Before finding this table, I had no idea that there were such a small finite number (30) of valid Tetraloops, and no idea either that they were all so …identified and defined and recorded. (having just been creating them mostly by beginner’s guesswork thus far in the game).
This table also contained a few other surprises for me; among them, the solid realization that there ARE places where U’s and even C’s can and should be used in a loop, but usually only one at a time (although there is one configuration that does contain 2 consecutive U’s).
Tetra-loops
Seq - Energy Seq - Energy Seq - Energy
GGGGAC -3.00 CUACGG -2.50 GGGAAC -1.50
GGUGAC -3.00 GGCAAC -2.50 UGAAAA -1.50
CGAAAG -3.00 CGCGAG -2.50 AGCAAU -1.50
GGAGAC -3.00 UGAGAG -2.50 AGUAAU -1.50
CGCAAG -3.00 CGAGAG -2.00 CGGGAG -1.50
GGAAAC -3.00 AGAAAU -2.00 AGUGAU -1.50
CGGAAG -3.00 CGUAAG -2.00 GGCGAC -1.50
CUUCGG -3.00 CUAACG -2.00 GGGAGC -1.50
CGUGAG -3.00 UGAAAG -2.00 GUGAAC -1.50
CGAAGG -2.50 GGAAGC -1.50 UGGAAA -1.50
But before I started this endeavor, I found an even better and more detailed version of this table in this article that I was directed to by Player alan.robot (Thank You Alan) - (This version included Frequency-of-Occurrence Data for each Tetraloop):
http://bio.gnu.ac.kr/research/miRNA/R…
(see Figure 8.)
Table 8. Tetraloop hairpin bonuses
Sequence - Occurrence - bonus (kcal/mol)
GGGGAC 87 ÿ3.0 CUACGG 17 ÿ2.5 GGGAAC 9 ÿ1.5
GGUGAC 76 ÿ3.0 GGCAAC 17 ÿ2.5 UGAAAA 9 ÿ1.5
CGAAAG 56 ÿ3.0 CGCGAG 16 ÿ2.5 AGCAAU 8 ÿ1.5
GGAGAC 47 ÿ3.0 UGAGAG 16 ÿ2.5 AGUAAU 8 ÿ1.5
CGCAAG 40 ÿ3.0 CGAGAG 14 ÿ2.0 CGGGAG 8 ÿ1.5
GGAAAC 36 ÿ3.0 AGAAAU 13 ÿ2.0 AGUGAU 7 ÿ1.5
CGGAAG 35 ÿ3.0 CGUAAG 11 ÿ2.0 GGCGAC 6 ÿ1.5
CUUCGG 28 ÿ3.0 CUAACG 11 ÿ2.0 GGGAGC 6 ÿ1.5
CGUGAG 23 ÿ3.0 UGAAAG 11 ÿ2.0 GUGAAC 6 ÿ1.5
CGAAGG 18 ÿ2.5 GGAAGC 9 ÿ1.5 UGGAAA 6 ÿ1.5
…Very interesting, but a bit cryptic, and not very accessible for many people, I thought, so I decided it might be a helpful contribution to the EteRNA community if I were to put it into a format that is hopefully a bit more usable and visually appealing.

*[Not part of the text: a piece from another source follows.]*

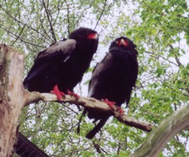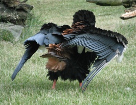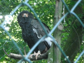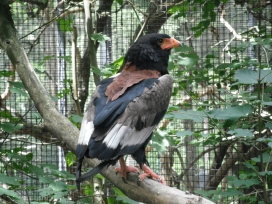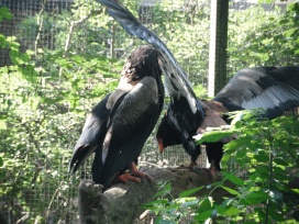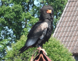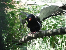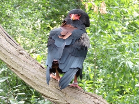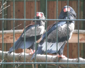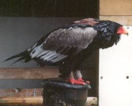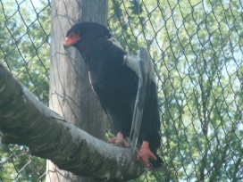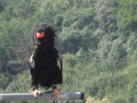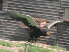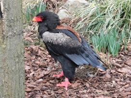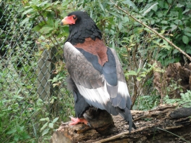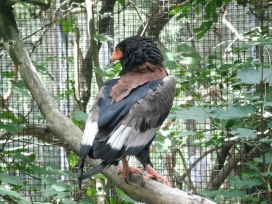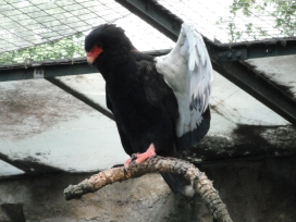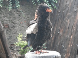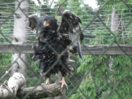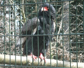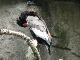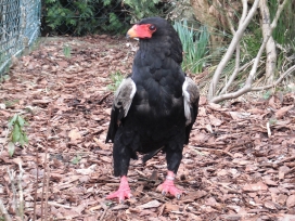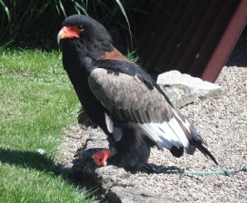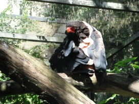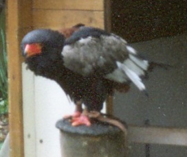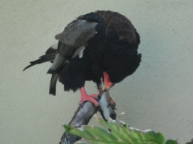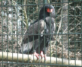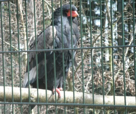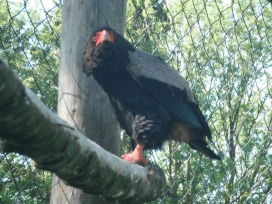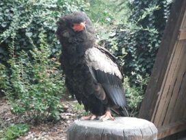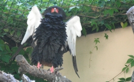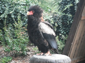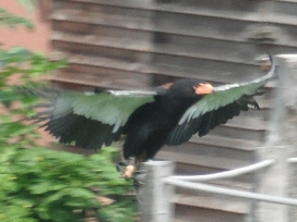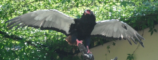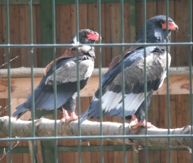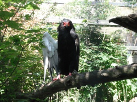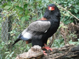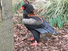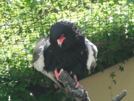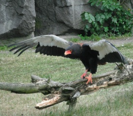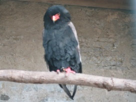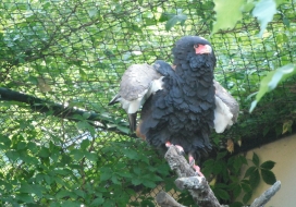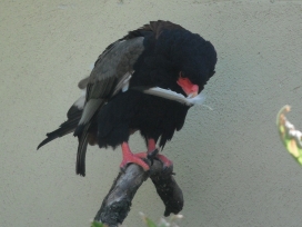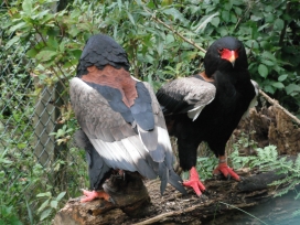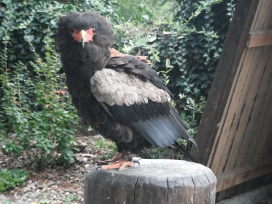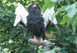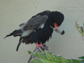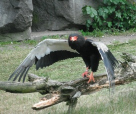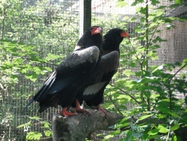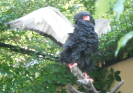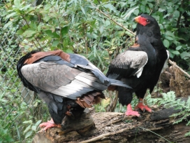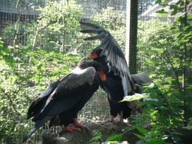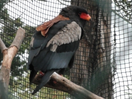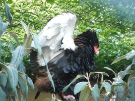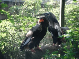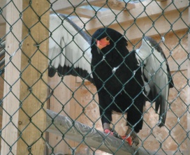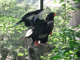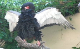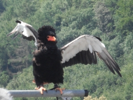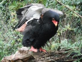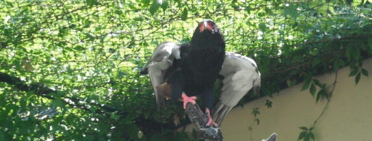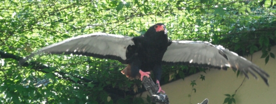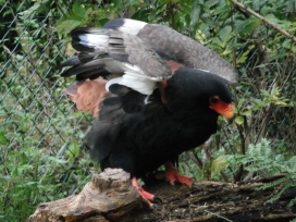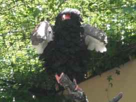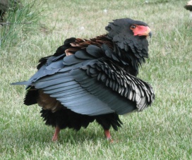 „Während der Balz plustert der Gaukler sein Gefieder auf, öffnet die Flügel und >verbeugt< sich vor seiner Partnerin“ (Zoo Schmiding: Zoo-Zooschild: Gaukler).

After reading this article and finding this version of the table, I decided to create the following Excel Table with a color-coded and otherwise enhanced version of this information on valid Tetraloop configurations which Players can then use in their Lab Designs with confidence that these configurations ARE valid; that they ARE found in nature, and are also published in many scientific articles, and used in RNA folding software packages (such as Vienna RNA and likely EteRNA as well).
It has been my perception that thus far in the game, comparatively speaking, much less progress has been made by most players in improving their knowledge and skill regarding the construction of properly designed loops - than has been made in advancing skills at Stack Design (I know that is true for me, at least) - so it is conceivable this information could be a factor in changing that for the better.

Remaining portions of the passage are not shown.